By J. A. Rupley, Tucson, Arizona
NOTES ON THE ALGORITHM OF THE SIMPLEX FITTING PROGRAM
A. THE SIMPLEX METHOD OF FUNCTION MINIMIZATION
The fitting of a model with variable parameters to a set of
data points is handled by minimizing an error function, such as
the sum of squares of the differences between observed values and
values calculated according to the model.
We describe here a simplex approximation procedure for
estimating the parameter values that give a function minimum.

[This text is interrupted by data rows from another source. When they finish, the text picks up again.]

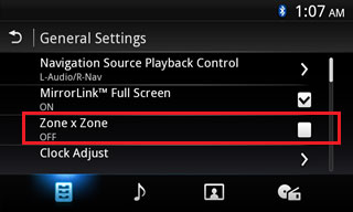 - Настройката Зона x Зона ще бъде налична в менюто с Settings (настройки), вместо да се настройва от началния екран.
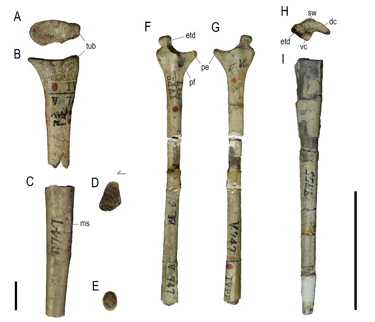 A&B,第二翼指骨(IVPP V 746);C-E,胫跗骨(IVPP V 747);F-H,第一翼指骨(IVPP V 747);I,胫跗骨(IVPP V 755);左侧比例尺为10 mm,适用于A-E;右侧比例尺为50 mm,适用于F-I
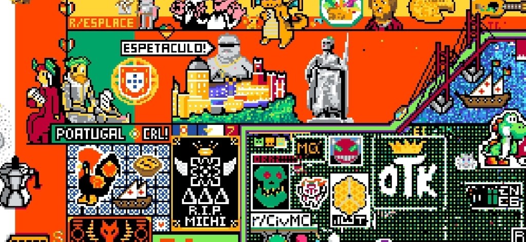 Just popped over to the r/place subreddit, which is a sort of giant collaborative artwork being created by millions of people, and I noticed quite near the middle there are a lot of Portuguese people carving out a little niche for themselves. I strongly approve.
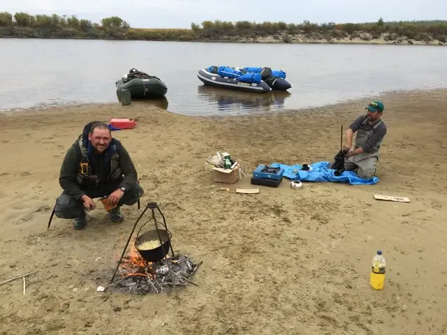 Берега реки быстро накрыла темнота, и только таинственная луна освещала путь запоздалым путникам. Потянуло осенним холодом. Молча сидя у костра, мы вслушивались в темноту, с нетерпением ожидая «Сузумар». Я достал мощный фонарь и лучом пробежал по темным берегам. И вдруг вдалеке послышался вроде как шум мотора, прислушались и вправду мотор, а потом и радостные возгласы наших друзей. Парни прибыли, словно по расписанию, стрелки показывали восемь. За четыре часа пути они изрядно устали и замерзли. Мы сразу предложили горячую кашу с тушенкой и теплую одежду. Усевшись у костра, стопочкой отметили первый транзитный лагерь. С нами была единственная женщина — гитара, она окончательно дала понять, как далеко мы сейчас от городской суеты и привычных семейных дел...

The strategy is that of Nelder and Mead, and their article
(Computer Journal, vol 7, p 308, 1965) should be consulted for
more information than is given below.
A simplex is constructed in parameter space, with vertices
that are arbitrary but not too far from the point at which the
function is a minimum and that describe a volume that includes
the minimum point.
The position of each vertex in parameter space defines (or
equally, is defined by) a set of parameter values, for which one
calculates the function value for that vertex. The simplex has
(M + 1) vertices, where M is the number of free parameters.
In successive iterations the vertex with the highest
function value is moved, to obtain a new vertex position of
smaller function value. The movement is directed with respect to
the center of the reduced simplex, which is the simplex less the
highest vertex. The movements can be the following:
reflection;
expansion beyond the reflected position;
reflection after failed expansion;
contraction toward the center of the reduced simplex from
the original position;
contraction from the reflected position;
if none of these operations gives a lower function value
then the entire simplex is shrunk about the lowest
vertex.
Exit from the iterative minimization is if the fractional
RMS deviation of the function values at the vertices is less than
a test value and if the centroid of the simplex is within two RMS
deviations of the mean of the vertices. The default test value
is 1E-8 * the mean function value.
Thus at exit from the minimization, the centroid of the
simplex gives an arbitrarily close approximation of the parameter
values at the function minimum.
1
The routine that calculates the function values must be
adapted to the model to be optimized.
Entry of the data and starting parameter values can be at
compilation, by initializing the data and parameter arrays, or by
reading a text file.
Results should be written to a file, for convenience of
review and for recovery from crashes.
2
B. THE QUADRATIC FIT TO THE LEAST SQUARES FUNCTION SURFACE
Standard deviations of the parameters are calculated by
fitting a quadratic function to the surface about the minimum in
parameter space and then using the properties of this function to
calculate the variance-covariance matrix for the parameters. The
strategy is a modification of that of Nelder and Mead (1965).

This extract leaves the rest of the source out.